And 5 Reasons Snowflake’s Data Sharehouse Does
For the past decade the technology world has been obsessed with APIs. While the nature of the APIs themselves has changed over the years (e.g. from SOAP to REST), the premise has always been the same—APIs are the way to allow different systems to share information. This doctrine is so well accepted, no one questions it. Certainly, for transactional processes, such as creating a user account, APIs work fine.
But what about a Service Provider wanting to share usage data with an Enterprise customer? Let’s say they want to share performance and operational time series data for a global network, which could easily run to many Terabytes.
It’s straight forward to provide an API to query usage data for a certain historical period. However standard BI tools don’t talk to APIs directly. In this case, the Enterprise would use the APIs to query the usage data from the Service Provider and then store it locally, typically in a SQL database. In this case APIs are used as an interface for creating a copy of the data. But there are problems with this model of data sharing.
Why APIs won’t work for data sharing
1. The data is being stored twice (probably more than twice in most cases)—incurring additional cost.
2. Since APIs usually cannot handle massive quantities of data in single queries (and should have abuse protection built in to prevent people from trying), in order to pull a complete history will require scripting to import data in small chunks at a time creating a big processing overhead on extraction.
3. When new data is added, the Enterprise needs to poll for new data (which introduces delay) or use a streaming API like a WebSockets which requires a lot of sophisticated development to manage reconnections, collecting missing data, etc.

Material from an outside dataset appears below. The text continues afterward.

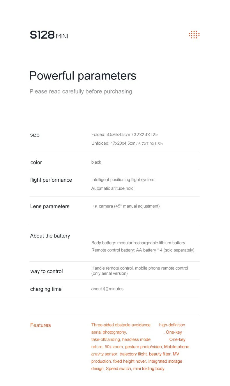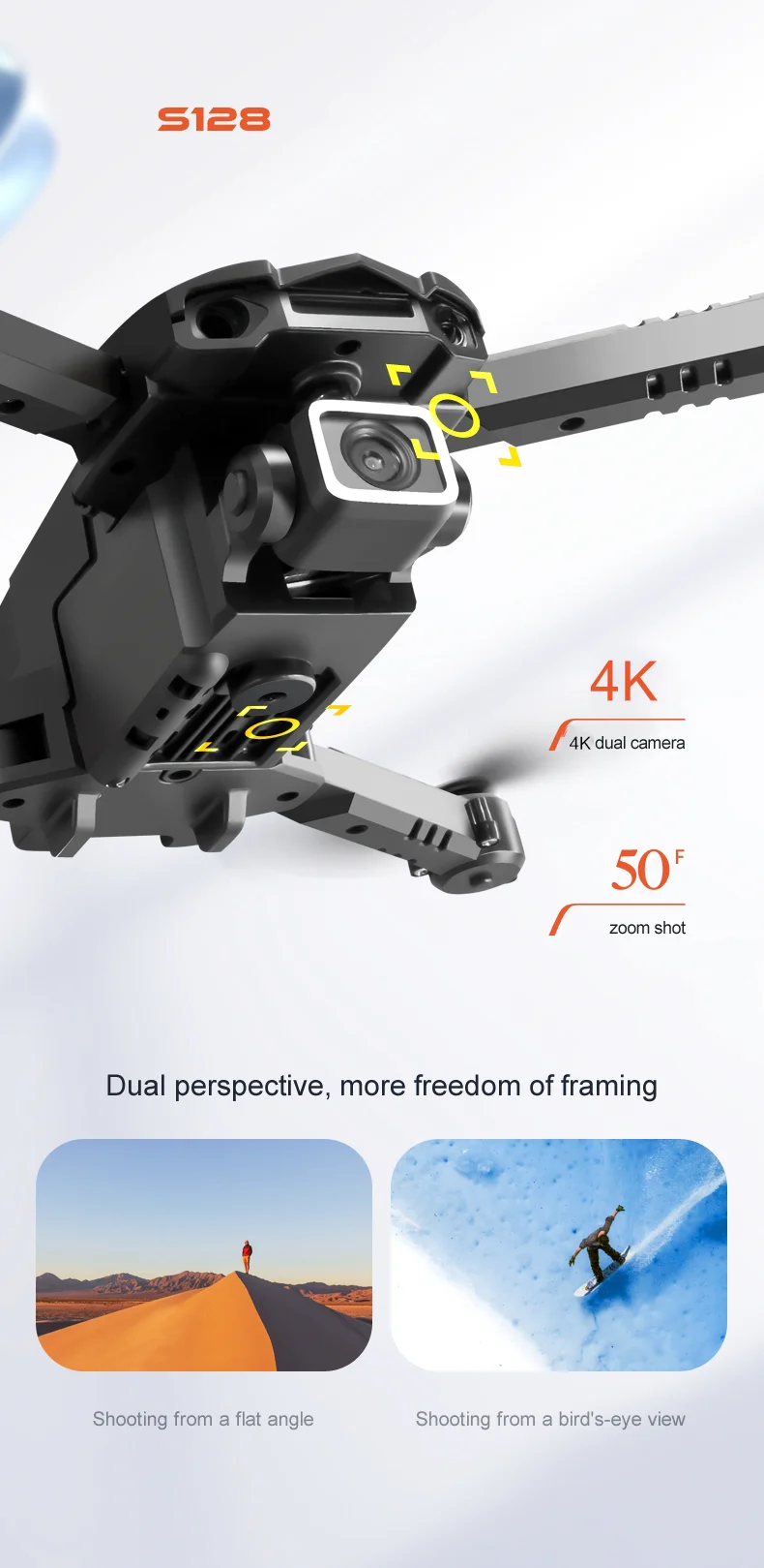 • 4K UHD Camera :Capture stunning visuals with the S128 Mini Drone's 4K UHD camera, perfect for both indoor and outdoor use.

4. If the Service Provider needs to make a change or fix an error in historical data, it’s very hard for the Enterprise to discover this and make the associated updates.

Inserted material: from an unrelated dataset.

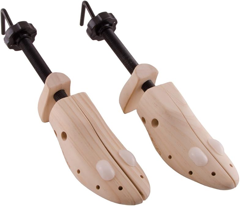 Hey, diese Schuhspanner aus Kiefernholz sind ein Game-Changer für deine Schuhe! Im 2er-Set hast du gleich genug für deine Lieblingspaare. Das natürliche Kiefernholz ist nicht nur nachhaltig, sondern saugt auch super Feuchtigkeit auf - deine Schuhe trocknen besser und riechen immer frisch! Die clevere Doppelfeder-Technologie passt sich automatisch an die Schuhgröße an - von Größe 38 bis 46 ist alles dabei. So behalten deine Schuhe ihre original Form und bekommen keine hässlichen Gehfalten. Egal ob Lederschuhe, Stiefel oder Sneaker - diese Spanner passen für fast alles! Die Metallspiralfeder ist robust und hält ewig. Einfach in den Schuh schieben, die Feder spannt sich von selbst - mehr musst du nicht machen! Deine Schuhe bleiben länger schön und du sparst dir teure Schuh-Reperaturen. Ob Business-Schuhe oder teure Stiefel - gönn ihnen die Pflege die sie verdienen! Hol dir das Set und deine Schuhe werden's dir danken!
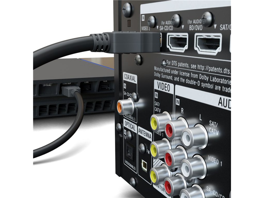 Kabel High Speed ??HDMI™ łączy telewizory i monitory z konsolami do gier, takimi jak PlayStation lub Xbox, a także rzutniki, projektory i odbiorniki strumieniowe, np. Amazon Fire TV lub Apple TV.

5. There are enormous issues associated with trying to keep copies of a data set in sync and correct. This is especially problematic when monitoring SLAs or other contentious topics—if the Service Provider and the Enterprise have differences in their data, both will be adamant that they are right—there is no single source of truth.
Snowflake Data Sharing eliminates ALL these issues. The Service Provider can provide a Secure View onto the data for the Enterprise who can then use this data in a form that is ready for consumption by BI tools. There are some clear benefits and advantages.
Why Snowflake’s Data Sharehouse works
1. Data is stored once and only once
2. There is no effort or processing required to enable access to a long history of data
3. There is no effort or processing required to get the most recent data as it is written
4. Any bulk updates to historical data are seen by the Enterprise instantly
5. The data as seen by both the Service Provider and the Enterprise is guaranteed to be identical—since there is only one physical copy of the data in existence, there is now a single source of truth
APIs can now be relieved of the burden of analytics and data extraction and be used for what they are good at—transactional processing. And data sharing can now live up to the promises being made with the use of Snowflake’s unique data sharehouse capability.